Cell Phone Is a Computer for Sentencing Purposes


     (CN) – A Motorola Motorazr V3 is more than just a phone – it is a computer whose use by sex offenders to contact victims gives the judicial system authority to impose longer prison sentences, the 8th Circuit ruled.




     The 8th Circuit is the first federal appeals court to describe a cellular phone as a computer to enforce a harsher sentence, according to the U.S. Attorney’s Office.
     The distinction landed 41-year-old Neil Kramer in the slammer for 14 years instead of 11 years and 8 months for transporting a 15-year-old girl across state lines to have sex with her.
     Kramer admitted to transporting the girl and to having sex with her. In the six months leading up to the offense, Kramer had used his cell phone, a Motorola Motorazr V3, to call the intended victim and send her text messages.
     Finding that Kramer’s cell phone met the description of a computer under federal sentencing guidelines, U.S District Judge Richard Dorr, who presides in Springfield, Mo., gave Kramer a harsher sentence after conviction for using his cell phone to get in contact with the girl.
     According to the U.S. Sentencing Guidelines Manual a computer is “an electronic, magnetic, optical, electrochemical, or other high speed data processing device performing logical, arithmetic, or storage functions, and includes any data storage facility or communications facility directly related to or operating in conjunction with such device.”
     The St. Louis-based federal appeals panel invoked Apple co-founder Steve Wozniak to bolster its finding.
     “Everything has a computer in it nowadays,” the ruling quotes Wozniak as saying.
     Kramer had argued on appeal that the computer must be able to access the Internet, but the three-judge panel disagreed.
     “We acknowledge that a ‘basic’ cellular phone might not easily fit within the colloquial definition of ‘computer,'” Circuit Court Judge Roger L. Wollman wrote for the court. “We are bound, however, not by the common understanding of that word, but by the specific – if broad – definition set forth.”
     The ruling also states that Kramer’s cell phone and all “basic” cell phones clearly fit the sentencing manual’s description of a computer.
     “Indeed, modern cellular phones process data at comparable or faster rates than the desktop computers that existed when [the] statute was enacted,” Wollman added in a footnote.
     “Of course, the enhancement does not apply to every offender who happens to use a computer-controlled microwave or coffeemaker,” Wollman wrote.
     The court found that the application of the enhancement is limited to offenders who use a computer “to communicate directly with a minor or with a person who exercises custody, care, or supervisory control of the minor.”
     “This is a meaningful limitation on the applicability of the enhancement,” Wollman wrote, “but it is no help to Kramer.”
     The 8th Circuit also threw out Kramer’s argument that the government did not sufficiently demonstrate that his phone was a computer.
     It is enough, according the ruling, that the user’s manual for the phone and a printout from Motorola’s website shows that the phone can run software and perform logical, arithmetic and other functions.

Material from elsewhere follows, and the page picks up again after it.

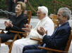 Avec un protocole inédit, l'audience avait commencé avec quelques minutes d'avance, peu avant 11 heures, près de la Tour San Giovanni. Le déroulement particulier de la rencontre avait été mis au point par Mgr James Michael Harvey, préfet de la Maison Pontificale, qui accompagnait le Pape avec Mgrs Georg Gänswein, secrétaire particulier de Benoît XVI, et Petar Rajic, prélat d'honneur. Le président Bush était accompagné de son épouse Laura et de l'ambassadeur des Etats Unis auprès du Saint Siège, Mary Ann Glendon. Le Pape a accueilli ses illustres hôtes aux pieds du perron, à l'entrée de la Tour. "C'est un grand honneur", a dit le président Bush en descendant de la limousine noire qui l'avait amené au Vatican, " mille mercis" lui a fait écho sa compagne, tandis que le Pape allait à leur rencontre, en se disant heureux de les revoir. Tout de suite après, Benoît XVI et le président des Etats Unis sont montés en ascenseur au bureau du premier étage pour un entretien privé, pendant que la signora Laura et l'ambassadeur Glendon restaient dans le petit salon du rez-de-chaussée. Peu après, le cardinal Tarcisio Bertone, secrétaire d'État, avec ses secrétaires particuliers Nicolas Henry Marie Denis Thevenin et Lech Piechota, les ont rejointes. Au terme de l'entretien, Benoît XVI et le président américain, dans un ultime changement par rapport au protocole prévu, ont parcouru le chemin qui se trouve au sommet de la tour, se montrant plusieurs fois, afin d'admirer le panorama environnant. Tous les deux sont ensuite redescendus au rez-de-chaussée, où s'est déroulé l'échange des cadeaux. Bush a offert une photographie autographiée avec sa signature et celle de son épouse gravées sur le cadre, et un album avec les images de la visite du Pape à la Maison Blanche. Le Pontife a lui aussi offert une photographie autographiée, le représentant avec les époux Bush à la Maison Blanche pendant qu'ils récitent une prière, et quatre volumes sur la Basilique de San Pierre.

     “Now it may be that neither the Sentencing Commission nor Congress anticipated that a cellular phone would be included in that definition,” Wollman mused.
     “As technology continues to develop, [the] statute … may come to capture still additional devices that few industry experts, much less the Commission or Congress, could foresee. But to the extent that such a sweeping definition was unintended or is now inappropriate, it is a matter for the commission or Congress to correct.”